Question

Analysis of the gases in a sealed reaction vessel containing NH₃, N₂, and H₂ at equilibrium at 400 °C established the concentration of N₂ to be 1.2 M and the concentration of H₂ to be 0.24 M.

a) True
b) False

Answer 1

The equilibrium molar concentration of NH3 is 0.48 M.

Step-by-step explanation:

To calculate the equilibrium molar concentration of NH3, we need to use the equilibrium constant, Kc. The balanced equation for the reaction is N2(g) + 3H2(g) ⇒ 2NH3(g).
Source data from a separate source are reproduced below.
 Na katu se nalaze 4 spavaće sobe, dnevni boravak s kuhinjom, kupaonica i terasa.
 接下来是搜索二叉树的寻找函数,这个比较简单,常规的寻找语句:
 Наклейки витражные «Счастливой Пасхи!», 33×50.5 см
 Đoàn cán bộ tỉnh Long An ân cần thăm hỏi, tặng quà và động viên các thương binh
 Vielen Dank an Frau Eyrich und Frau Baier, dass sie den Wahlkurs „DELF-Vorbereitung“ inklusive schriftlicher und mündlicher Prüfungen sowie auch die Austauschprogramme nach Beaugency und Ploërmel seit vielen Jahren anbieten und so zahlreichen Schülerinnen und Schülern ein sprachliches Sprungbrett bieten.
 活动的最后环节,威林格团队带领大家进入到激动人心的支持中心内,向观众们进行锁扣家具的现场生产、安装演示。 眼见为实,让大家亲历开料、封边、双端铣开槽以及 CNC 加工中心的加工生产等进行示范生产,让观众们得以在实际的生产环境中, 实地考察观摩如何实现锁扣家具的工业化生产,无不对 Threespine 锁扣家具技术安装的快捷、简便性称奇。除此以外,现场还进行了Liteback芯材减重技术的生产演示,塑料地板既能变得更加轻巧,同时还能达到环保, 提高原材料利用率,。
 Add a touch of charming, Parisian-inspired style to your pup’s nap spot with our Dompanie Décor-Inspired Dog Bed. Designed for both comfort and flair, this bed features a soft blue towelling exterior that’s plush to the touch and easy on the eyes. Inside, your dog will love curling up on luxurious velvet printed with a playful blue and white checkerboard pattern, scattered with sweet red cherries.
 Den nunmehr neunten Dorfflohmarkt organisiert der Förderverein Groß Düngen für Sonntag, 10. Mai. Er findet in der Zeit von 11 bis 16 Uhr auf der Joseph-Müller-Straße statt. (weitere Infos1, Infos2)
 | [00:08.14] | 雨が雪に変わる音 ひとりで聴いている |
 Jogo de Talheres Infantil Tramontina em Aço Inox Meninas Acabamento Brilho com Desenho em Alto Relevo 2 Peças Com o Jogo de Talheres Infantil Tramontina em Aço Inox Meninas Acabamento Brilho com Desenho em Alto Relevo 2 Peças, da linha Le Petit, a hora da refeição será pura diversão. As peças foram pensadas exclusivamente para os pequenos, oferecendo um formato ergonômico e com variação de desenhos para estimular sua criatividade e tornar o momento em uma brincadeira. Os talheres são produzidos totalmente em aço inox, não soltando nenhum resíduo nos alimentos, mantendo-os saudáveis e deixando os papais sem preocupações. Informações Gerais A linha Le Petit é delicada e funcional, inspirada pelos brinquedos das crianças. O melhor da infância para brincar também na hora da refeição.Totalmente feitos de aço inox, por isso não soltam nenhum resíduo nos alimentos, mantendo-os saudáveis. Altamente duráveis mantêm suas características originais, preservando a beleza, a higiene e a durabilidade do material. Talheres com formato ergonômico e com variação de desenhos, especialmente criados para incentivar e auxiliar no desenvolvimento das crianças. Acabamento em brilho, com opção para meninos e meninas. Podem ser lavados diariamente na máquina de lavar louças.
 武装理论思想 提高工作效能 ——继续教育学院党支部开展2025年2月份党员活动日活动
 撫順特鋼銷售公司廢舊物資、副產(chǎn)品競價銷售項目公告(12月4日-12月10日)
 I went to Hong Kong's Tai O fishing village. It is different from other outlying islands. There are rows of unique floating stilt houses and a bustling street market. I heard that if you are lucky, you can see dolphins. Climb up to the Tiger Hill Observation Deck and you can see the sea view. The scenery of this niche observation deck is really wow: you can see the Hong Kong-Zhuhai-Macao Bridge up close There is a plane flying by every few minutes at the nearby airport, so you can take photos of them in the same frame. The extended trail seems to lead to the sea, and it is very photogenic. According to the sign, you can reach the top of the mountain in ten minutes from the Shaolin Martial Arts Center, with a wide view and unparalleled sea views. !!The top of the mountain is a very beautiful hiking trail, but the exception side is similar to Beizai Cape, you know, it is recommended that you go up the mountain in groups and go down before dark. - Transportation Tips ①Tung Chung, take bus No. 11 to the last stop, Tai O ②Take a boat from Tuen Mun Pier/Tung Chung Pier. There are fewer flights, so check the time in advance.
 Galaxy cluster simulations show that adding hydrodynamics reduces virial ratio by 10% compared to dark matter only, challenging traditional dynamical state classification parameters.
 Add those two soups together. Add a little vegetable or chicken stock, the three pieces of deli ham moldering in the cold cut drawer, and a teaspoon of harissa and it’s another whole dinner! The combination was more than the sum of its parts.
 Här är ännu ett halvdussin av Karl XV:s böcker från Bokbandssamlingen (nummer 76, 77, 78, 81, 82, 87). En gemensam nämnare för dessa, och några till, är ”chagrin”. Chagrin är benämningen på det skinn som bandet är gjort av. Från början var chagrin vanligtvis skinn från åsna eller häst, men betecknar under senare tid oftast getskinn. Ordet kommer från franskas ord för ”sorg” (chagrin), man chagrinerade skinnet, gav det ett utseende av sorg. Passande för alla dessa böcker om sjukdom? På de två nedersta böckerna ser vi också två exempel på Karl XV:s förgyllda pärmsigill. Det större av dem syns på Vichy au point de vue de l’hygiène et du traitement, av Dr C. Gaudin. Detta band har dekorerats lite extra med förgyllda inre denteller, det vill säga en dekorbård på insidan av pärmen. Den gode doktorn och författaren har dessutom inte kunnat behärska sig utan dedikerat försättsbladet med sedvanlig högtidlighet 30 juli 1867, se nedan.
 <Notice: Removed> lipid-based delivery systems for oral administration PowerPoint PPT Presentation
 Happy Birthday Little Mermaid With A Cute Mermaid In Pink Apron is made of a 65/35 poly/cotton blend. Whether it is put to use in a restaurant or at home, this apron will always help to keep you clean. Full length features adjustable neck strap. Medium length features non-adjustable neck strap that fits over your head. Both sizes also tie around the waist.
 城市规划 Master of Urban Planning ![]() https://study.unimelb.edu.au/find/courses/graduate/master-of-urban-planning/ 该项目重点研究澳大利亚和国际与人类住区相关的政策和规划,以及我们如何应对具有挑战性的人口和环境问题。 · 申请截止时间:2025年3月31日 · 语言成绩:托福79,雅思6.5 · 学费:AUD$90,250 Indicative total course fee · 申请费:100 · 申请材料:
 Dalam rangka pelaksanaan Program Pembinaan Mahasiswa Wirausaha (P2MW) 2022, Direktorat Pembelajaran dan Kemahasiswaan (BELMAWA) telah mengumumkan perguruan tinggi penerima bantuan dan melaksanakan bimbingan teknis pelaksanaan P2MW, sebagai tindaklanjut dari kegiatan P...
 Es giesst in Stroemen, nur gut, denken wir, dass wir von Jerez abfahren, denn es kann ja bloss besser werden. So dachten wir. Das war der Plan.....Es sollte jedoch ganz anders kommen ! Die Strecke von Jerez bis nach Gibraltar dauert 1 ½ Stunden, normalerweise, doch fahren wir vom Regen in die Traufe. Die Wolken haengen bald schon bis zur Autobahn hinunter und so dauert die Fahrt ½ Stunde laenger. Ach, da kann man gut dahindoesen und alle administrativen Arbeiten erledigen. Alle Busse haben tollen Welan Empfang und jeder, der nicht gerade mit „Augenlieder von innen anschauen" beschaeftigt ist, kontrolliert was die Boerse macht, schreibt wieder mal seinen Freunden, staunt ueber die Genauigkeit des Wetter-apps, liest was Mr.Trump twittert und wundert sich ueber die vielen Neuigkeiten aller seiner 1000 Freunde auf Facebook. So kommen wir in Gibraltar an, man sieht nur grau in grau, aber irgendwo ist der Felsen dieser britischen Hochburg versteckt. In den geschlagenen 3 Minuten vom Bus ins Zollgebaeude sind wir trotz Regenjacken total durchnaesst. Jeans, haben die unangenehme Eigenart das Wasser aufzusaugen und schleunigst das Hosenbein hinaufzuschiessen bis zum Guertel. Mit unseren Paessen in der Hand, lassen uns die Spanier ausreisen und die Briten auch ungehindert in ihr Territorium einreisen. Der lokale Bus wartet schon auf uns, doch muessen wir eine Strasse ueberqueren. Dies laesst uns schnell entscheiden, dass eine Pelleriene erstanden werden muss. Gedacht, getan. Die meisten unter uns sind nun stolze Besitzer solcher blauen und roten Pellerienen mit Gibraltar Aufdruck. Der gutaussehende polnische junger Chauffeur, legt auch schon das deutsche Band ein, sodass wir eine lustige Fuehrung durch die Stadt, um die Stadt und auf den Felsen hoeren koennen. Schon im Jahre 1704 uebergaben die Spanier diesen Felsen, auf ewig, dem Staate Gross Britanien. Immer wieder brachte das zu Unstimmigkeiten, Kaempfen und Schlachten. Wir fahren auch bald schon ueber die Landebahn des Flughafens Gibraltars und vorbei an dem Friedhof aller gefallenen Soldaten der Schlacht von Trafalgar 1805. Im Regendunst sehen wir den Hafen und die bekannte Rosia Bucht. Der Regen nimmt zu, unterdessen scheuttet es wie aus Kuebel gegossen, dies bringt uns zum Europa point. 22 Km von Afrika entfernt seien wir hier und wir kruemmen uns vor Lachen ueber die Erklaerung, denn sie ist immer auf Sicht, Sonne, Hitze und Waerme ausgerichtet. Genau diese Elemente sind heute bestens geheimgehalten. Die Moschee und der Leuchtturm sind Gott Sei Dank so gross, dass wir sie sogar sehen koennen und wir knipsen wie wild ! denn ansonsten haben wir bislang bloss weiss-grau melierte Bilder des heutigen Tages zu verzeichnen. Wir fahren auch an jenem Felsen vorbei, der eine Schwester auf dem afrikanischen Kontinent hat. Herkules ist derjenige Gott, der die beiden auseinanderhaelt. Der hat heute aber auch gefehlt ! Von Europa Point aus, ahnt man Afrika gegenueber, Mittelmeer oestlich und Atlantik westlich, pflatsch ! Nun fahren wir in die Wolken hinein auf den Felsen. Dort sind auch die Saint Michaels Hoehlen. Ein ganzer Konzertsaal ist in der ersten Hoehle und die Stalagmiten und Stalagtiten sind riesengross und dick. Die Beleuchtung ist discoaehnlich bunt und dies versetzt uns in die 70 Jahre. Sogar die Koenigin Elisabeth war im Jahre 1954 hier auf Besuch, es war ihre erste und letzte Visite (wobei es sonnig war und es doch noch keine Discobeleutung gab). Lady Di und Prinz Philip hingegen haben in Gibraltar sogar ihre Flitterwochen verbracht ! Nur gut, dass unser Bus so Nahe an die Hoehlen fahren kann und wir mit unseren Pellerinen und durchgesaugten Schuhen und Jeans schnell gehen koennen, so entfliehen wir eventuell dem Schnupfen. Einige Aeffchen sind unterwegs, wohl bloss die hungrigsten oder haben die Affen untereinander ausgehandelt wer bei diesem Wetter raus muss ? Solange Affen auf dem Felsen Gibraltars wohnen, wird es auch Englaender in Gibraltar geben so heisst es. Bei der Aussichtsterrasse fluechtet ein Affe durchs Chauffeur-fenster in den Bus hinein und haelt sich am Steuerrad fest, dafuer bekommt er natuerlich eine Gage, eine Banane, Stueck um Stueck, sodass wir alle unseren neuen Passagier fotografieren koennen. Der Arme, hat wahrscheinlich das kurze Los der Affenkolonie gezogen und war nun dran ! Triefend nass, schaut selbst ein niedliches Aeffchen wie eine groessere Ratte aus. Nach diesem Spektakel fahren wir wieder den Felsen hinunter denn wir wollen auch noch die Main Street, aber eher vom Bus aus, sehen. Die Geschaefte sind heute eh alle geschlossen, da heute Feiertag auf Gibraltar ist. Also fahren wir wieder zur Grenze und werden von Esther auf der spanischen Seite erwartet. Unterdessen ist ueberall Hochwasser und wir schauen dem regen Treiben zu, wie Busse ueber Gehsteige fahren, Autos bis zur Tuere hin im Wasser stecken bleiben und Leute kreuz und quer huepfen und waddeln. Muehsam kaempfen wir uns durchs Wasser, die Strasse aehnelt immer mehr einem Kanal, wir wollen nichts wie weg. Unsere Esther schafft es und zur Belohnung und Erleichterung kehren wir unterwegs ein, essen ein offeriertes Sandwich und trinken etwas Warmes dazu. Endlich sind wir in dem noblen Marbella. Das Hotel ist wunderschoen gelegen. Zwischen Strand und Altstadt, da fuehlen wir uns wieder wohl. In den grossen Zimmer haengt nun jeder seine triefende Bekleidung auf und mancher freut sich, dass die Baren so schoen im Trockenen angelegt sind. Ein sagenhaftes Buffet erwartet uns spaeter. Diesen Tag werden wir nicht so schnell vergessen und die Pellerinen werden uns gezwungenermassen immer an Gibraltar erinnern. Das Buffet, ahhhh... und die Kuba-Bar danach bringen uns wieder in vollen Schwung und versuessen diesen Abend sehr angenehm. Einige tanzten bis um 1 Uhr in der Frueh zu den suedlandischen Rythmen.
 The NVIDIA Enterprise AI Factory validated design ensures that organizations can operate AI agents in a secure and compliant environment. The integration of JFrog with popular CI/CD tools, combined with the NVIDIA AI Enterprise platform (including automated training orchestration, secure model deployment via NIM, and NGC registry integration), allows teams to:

The equilibrium constant expression can be written as [NH3]^2 / [N2][H2]^3. Since we are given the concentrations of N2 and H2, we can substitute them into the equation and solve for [NH3].

Kc = [NH3]^2 / ([N2][H2]^3) = 0.50

Substituting the given values, we have:

[NH3]^2 = (1.2 M)^2 = 1.44 M

1.44 M = 0.50 * (1.2 M)(0.24 M)^3

[NH3] = √(1.44 M * (0.50 / (1.2 M)(0.24 M)^3)) = 0.48 M

Therefore, the equilibrium molar concentration of NH3 is 0.48 M.